* About this exercise
Copy exactly the lines from the one containing "Short stacked bob with highlights is" through the last line of the records below, including both, and leave out any pictures.

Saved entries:
______

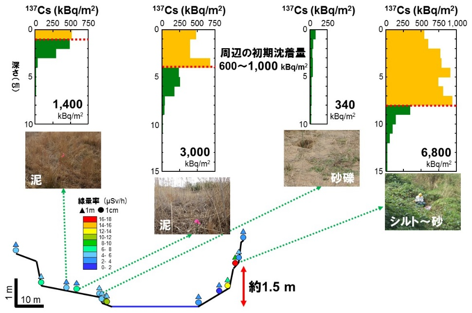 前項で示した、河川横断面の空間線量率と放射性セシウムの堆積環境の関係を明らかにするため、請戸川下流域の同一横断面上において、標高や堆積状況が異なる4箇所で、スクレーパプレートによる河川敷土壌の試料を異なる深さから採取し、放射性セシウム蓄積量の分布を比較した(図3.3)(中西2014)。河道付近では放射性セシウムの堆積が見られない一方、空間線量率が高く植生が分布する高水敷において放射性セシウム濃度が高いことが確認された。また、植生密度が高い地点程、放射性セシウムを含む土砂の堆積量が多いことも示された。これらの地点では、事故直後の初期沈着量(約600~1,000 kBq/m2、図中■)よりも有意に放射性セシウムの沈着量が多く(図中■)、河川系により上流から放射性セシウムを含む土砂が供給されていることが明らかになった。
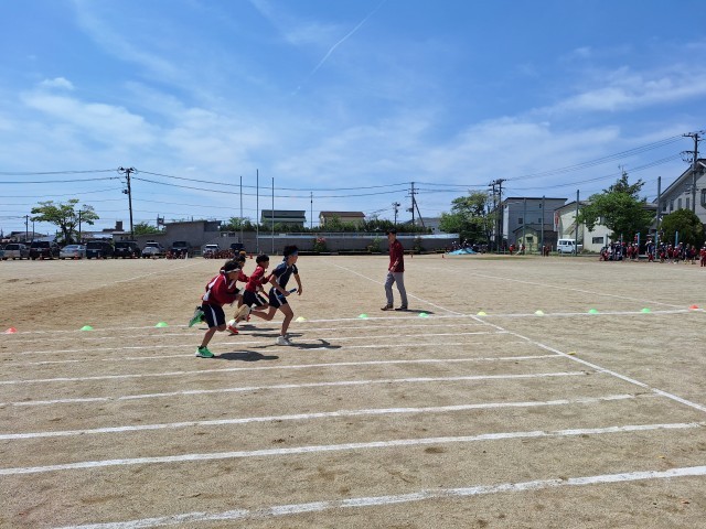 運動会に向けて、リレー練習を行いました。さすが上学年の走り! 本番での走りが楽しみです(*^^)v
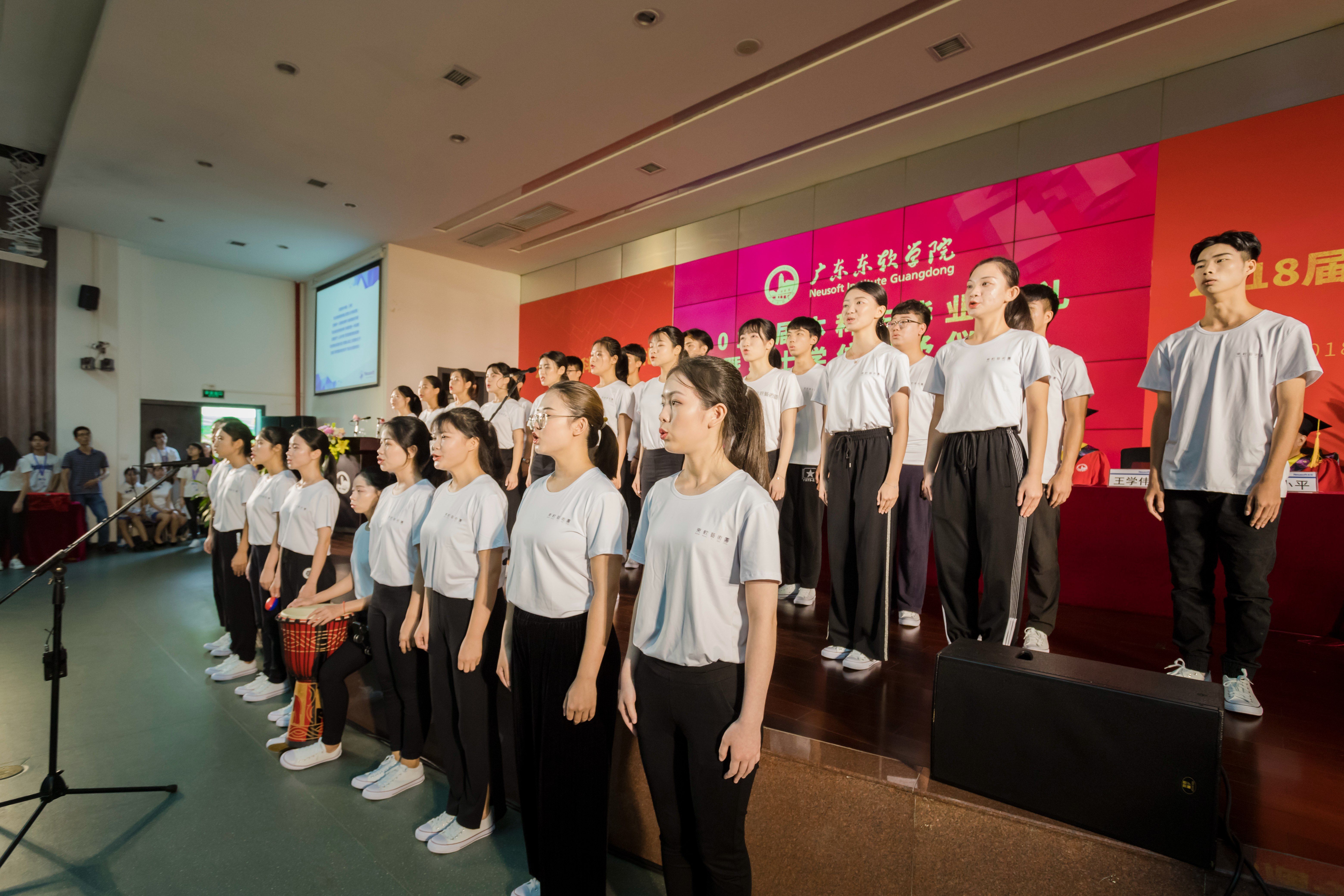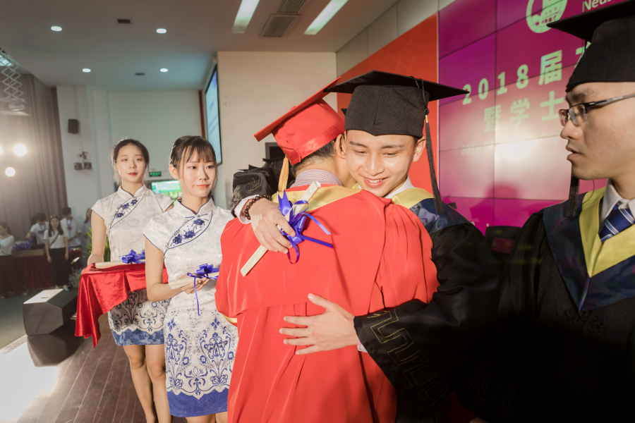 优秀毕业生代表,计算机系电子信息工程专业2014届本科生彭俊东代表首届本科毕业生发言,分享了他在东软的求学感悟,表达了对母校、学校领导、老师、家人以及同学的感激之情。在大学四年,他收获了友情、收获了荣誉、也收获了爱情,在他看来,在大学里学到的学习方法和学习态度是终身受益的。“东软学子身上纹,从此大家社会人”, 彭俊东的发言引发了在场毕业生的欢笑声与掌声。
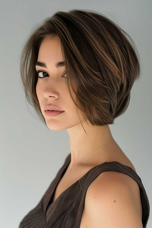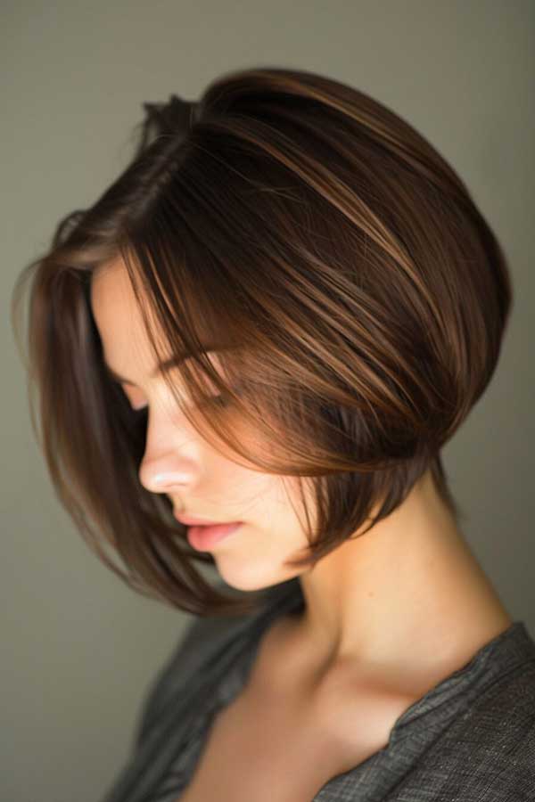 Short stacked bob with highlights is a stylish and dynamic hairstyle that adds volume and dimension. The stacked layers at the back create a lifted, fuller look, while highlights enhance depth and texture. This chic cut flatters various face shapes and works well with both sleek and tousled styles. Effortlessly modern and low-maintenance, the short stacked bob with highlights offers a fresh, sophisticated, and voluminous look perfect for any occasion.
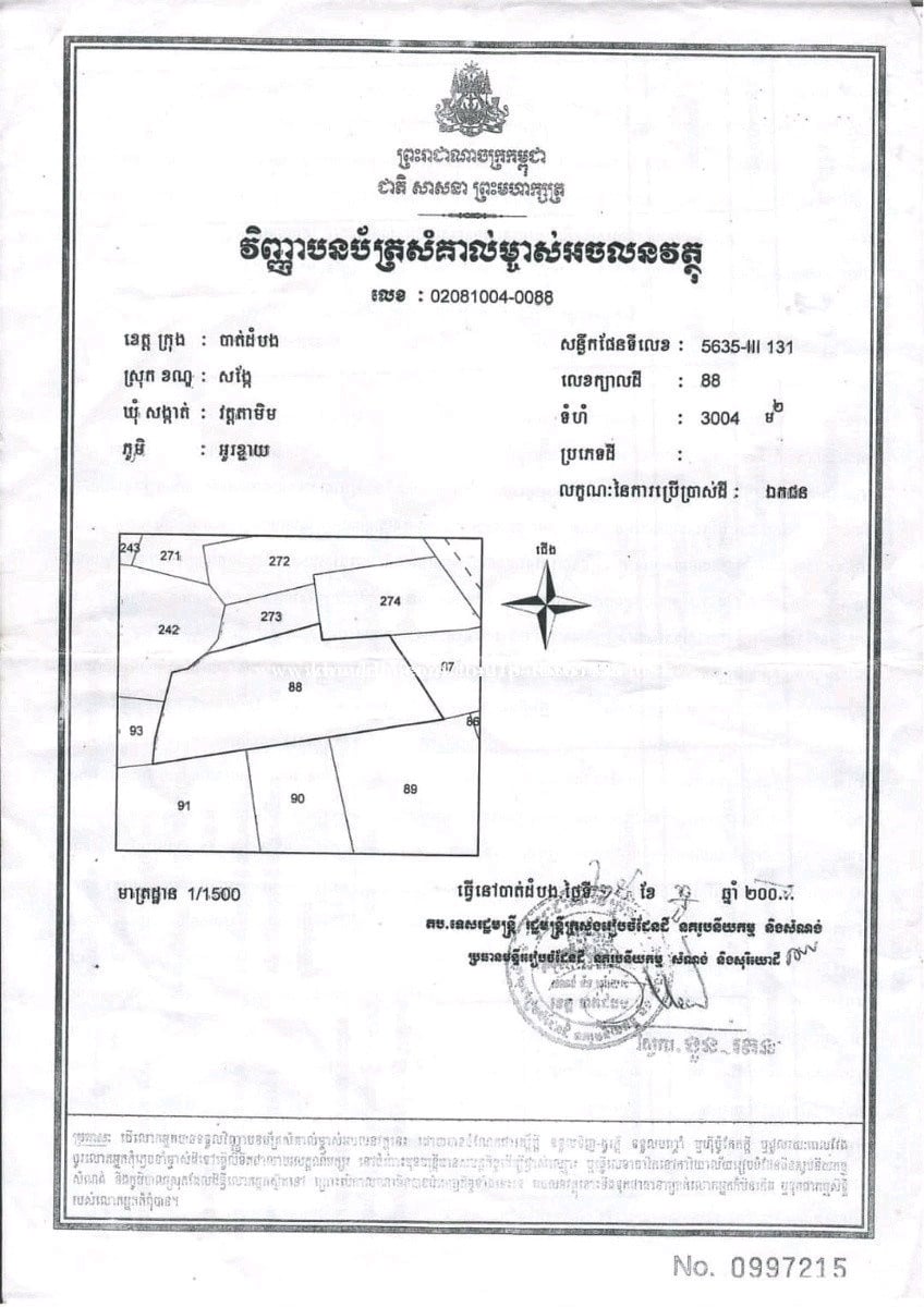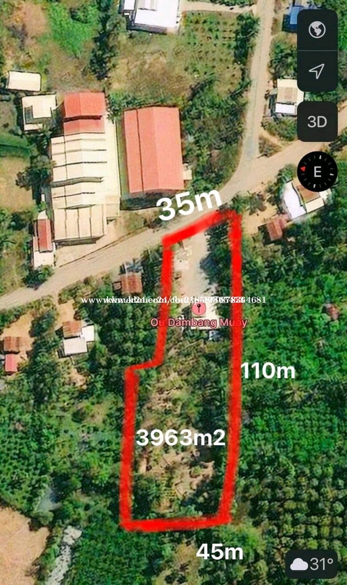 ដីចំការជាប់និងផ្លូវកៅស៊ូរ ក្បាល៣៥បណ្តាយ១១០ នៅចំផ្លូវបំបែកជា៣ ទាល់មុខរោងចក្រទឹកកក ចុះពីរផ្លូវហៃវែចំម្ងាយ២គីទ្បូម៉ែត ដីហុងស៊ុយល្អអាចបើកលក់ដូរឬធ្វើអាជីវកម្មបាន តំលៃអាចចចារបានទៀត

______

* Solution to this problem
 Short stacked bob with highlights is a stylish and dynamic hairstyle that adds volume and dimension. The stacked layers at the back create a lifted, fuller look, while highlights enhance depth and texture. This chic cut flatters various face shapes and works well with both sleek and tousled styles. Effortlessly modern and low-maintenance, the short stacked bob with highlights offers a fresh, sophisticated, and voluminous look perfect for any occasion.
 ដីចំការជាប់និងផ្លូវកៅស៊ូរ ក្បាល៣៥បណ្តាយ១១០ នៅចំផ្លូវបំបែកជា៣ ទាល់មុខរោងចក្រទឹកកក ចុះពីរផ្លូវហៃវែចំម្ងាយ២គីទ្បូម៉ែត ដីហុងស៊ុយល្អអាចបើកលក់ដូរឬធ្វើអាជីវកម្មបាន តំលៃអាចចចារបានទៀត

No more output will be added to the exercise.